I will now try to convince you that the temperature of the test object
will eventually become equal to the temperature of the rest of the
universe, Tu, regardless of the test object's initial temperature.
If the small blackbody test object starts out at 0 K it will be warmed
by the photons it absorbs (radiated by the surrounding universe). After
it acquires a non-zero temperature it too will begin radiating photons.
The warmer it becomes the more photons it radiates. The total amount of
energy it radiates per second is given by the Stefan-Boltzmann law
(described in the previous chapter). When the temperature of a surface
element of the test object is at the same temperature as the universe
then the test object's unit surface will be radiating to a hemisphere
the same power that it absorbs from the universe. The exchange of
photons will be equal, on average,
for each wavelength interval. (I don't want to get into solid angles to
convince you of this, so take my word for it; at least it's intuitively
believable.)
The next step is to imagine that we can arrange a set of perfectly
reflecting mirrors so that the test object is exposed to just one part
of the universe. The reverse is true, that the photons emitted by the
test object are reflected by the same mirrors and directed to the same
part of the universe that radiates to it. For this case the test object
doesn't "know about" any part of the universe not seen using the
mirrors. And those other parts of the universe don't "know about" the
test object. I am now going to ask you to believe that the test object
will assume the temperature of that part of the universe that it
"knows about." This is credible since the part of the universe to which
the object radiates is the same part of the universe that radiates to
the object.
Figure 2. Object at focus of parabolic mirror with
view of only part of the universe.
Now think of this object as an ordinary electronic "resistor" that is
located at the vertex of a parabolic telescope. The resistor is
enclosed in such a way that all it "sees" is the parabolic mirror, and
since this parabolic mirror is a perfect reflector, the resistor only
"sees" that part of the universe that the telescope is pointed at. If
the telescope is pointed at a part of the universe that is at
temperature Tx, then the resistor will be heated to temperature Tx
also. We call a resistor in this configuration a bolometer (since
photons of all wavelengths are included in this thought experiment). We
measure
the temperature of the resistor in order to measure the temperature of
a part of the universe to which the telescope is pointed.

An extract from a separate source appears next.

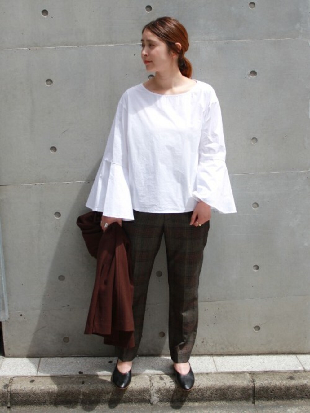 ◆タイプライターフレアソデブラウス 張り感のある生地が上品で甘すぎない雰囲気に見せてくれるブラウス。今の時期から秋まで着まわせて一枚で様になるデザインブラウスは一枚持っていたいアイテムです!

Now, suppose that the resistor has a filter in front of it. The filter
passes photons within a certain wavelength band. If this wavelength
band is fixed for a series of measurements, and if the wavelength band
is at a long enough wavelength such that the number of photons is
proportional to temperature of the object viewed by the telescope, then
we have a way of comparing the temperature of different views. (The
previous chapter showed that when the wavelength is longer than ~1 mm
we can assume that the number of photons is proportional to
temperature.) With this set-up we can point the telescope to an object
of known temperature, then to a part of the sky of unknown temperature,
and use the two readings (proportional to photons per second) to deduce
the
temperature of the unknown part of the universe. Of course, I've
assumed that the resistor can change temperature faster than the time
between readings.
The clever reader will wonder about the filter emitting photons to the
resister, which it will, so the above thought experiment should really
be modified slightly. Point the telescope reception pattern to two
parts of the universe that are at two different, but known,
temperatures (keeping the filter at a constant temperature). Then the
reading for an unknown part of the universe can be converted to
physical temperature by interpolation.
Note the fact that the detector (the resistor whose temperature is
measured) is not in contact with the object whose temperature is being
measured. The seems like some kind of "action at a distance" since
there's no need to bring the detector into contact with the thing being
measured. The part of the universe being measured can be a part of the
moon, a distant planetary atmosphere, or even a human hand placed in
front of the telescope. Indeed, I've actually performed crude
calibrations of microwave radiometers by placing my hand in front of
the radiometer's small aperture antenna and assuming the system should
be registering a temperature equal to my hand's Kelvin temperature.
Microwave radiometers use a horn antenna to receive radio photons from
a distant object. The larger the aperture of the horn antenna, the
smaller is the patch of sky that is sensed. Photons from other
directions aren't able to enter the horn antenna, so this limits the
solid angle that defines what part of the universe is being measured.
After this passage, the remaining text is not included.